No idea pal, it is recommended for brewing and it cost $140. After a couple of years when it doesn't work as designed I'll order another.


----------



## Lyrebird_Cycles (7/9/17)

razz said:


> After a couple of years when it doesn't work as designed I'll order another.



I'd be surprised if it lasts that long but having not used this model I can't know.

As I understand it there's no need to replace the whole thing, the sensor is designed as a consumable and is a straight plug and play replacement. I don't know how much they cost. 

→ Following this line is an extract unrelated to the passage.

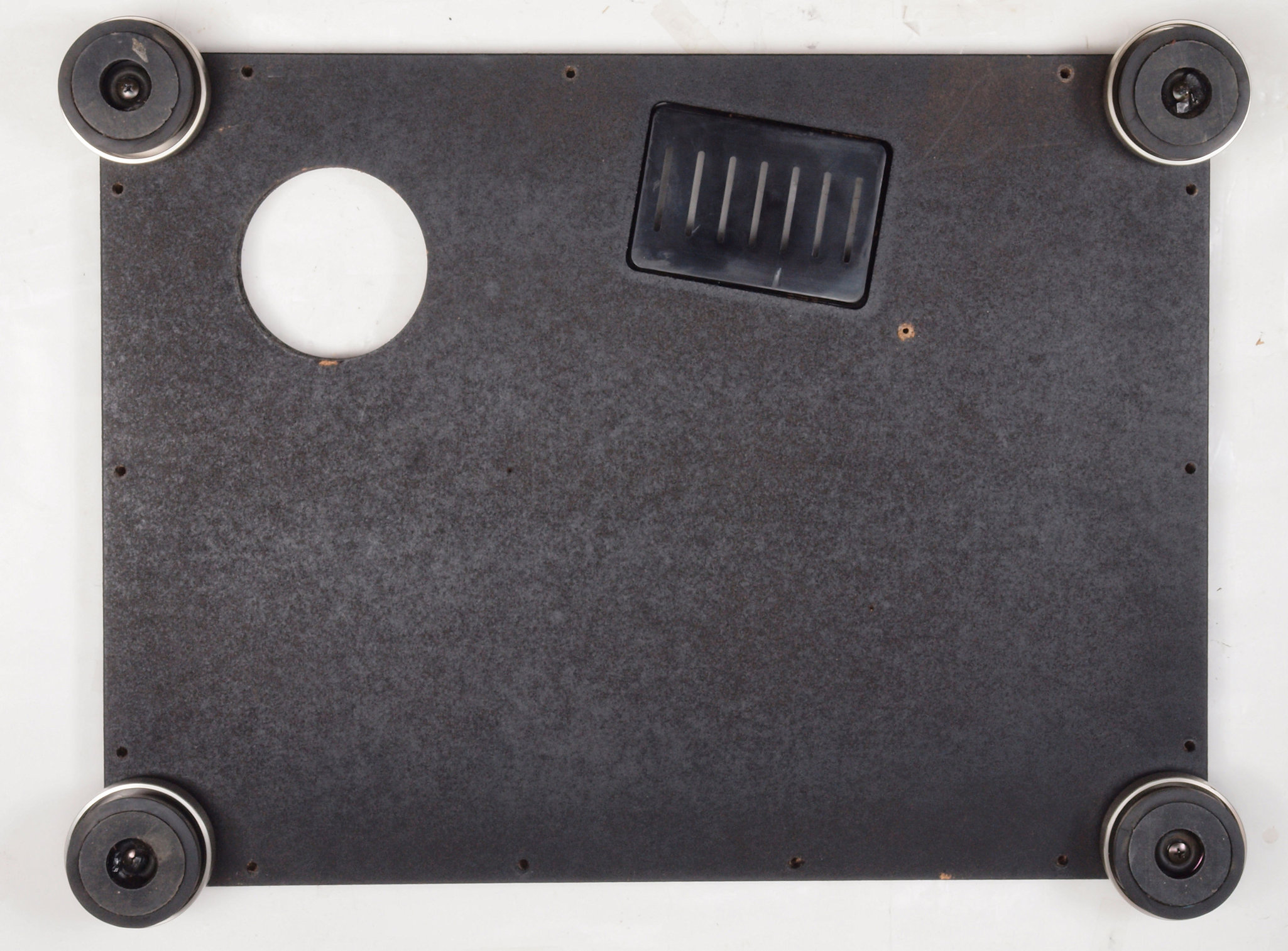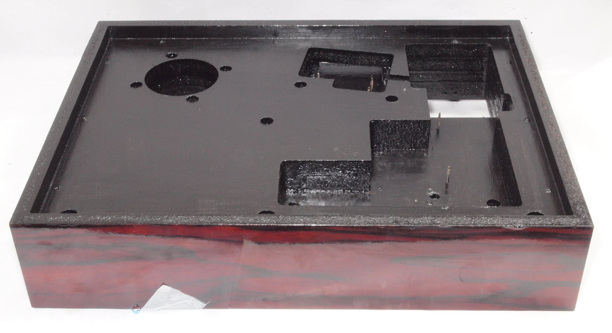 | W. 下蓋及び本体木部 修理状況。 画像をクリックすると、大きく(横幅2050ドット)表示されます。 W1. 修理前 モーター、基板、アーム架台を取り本体上から。 |

It looks like the sampling sheets are designed to reduce the fouling problem, again I don't know how much they cost.


----------



## Danscraftbeer (7/9/17)

AD-11. From Perth Scientific. (thumbs up smiley?) http://www.perthscientific.com.au/product/pocket-ph-tester/?v=fdd13832cd81
I'll stay with what I learned with. Personal helpful phone conversation. They're good guys. I got a replacement sensor for ~$70 after 18 months when the first one went wonky. That is getting good mileage for a pH probe.
Or just consider that for best most accurate readings. Buy a new probe every 12-18 months with new calibration fluids too.
Hard fact...but not really.


----------



## Lyrebird_Cycles (7/9/17)

$70 for a new sensor is excellent. On the pH meter I use at work (TPS) a replacement probe is $250 (GST not incl.)


----------



## Mardoo (8/9/17)

Danscraftbeer said:


> after 18 months when the first one went wonky.


 I gave up on my not-too-bad pH meter before the probe failed. Now saving for a quality meter.


----------



## timmi9191 (8/9/17)

Any experience or thoughts on the Hanna bluetooth?

http://hannainst.com/halo-ph-electrode-for-beer-analysis-fc2142.html


----------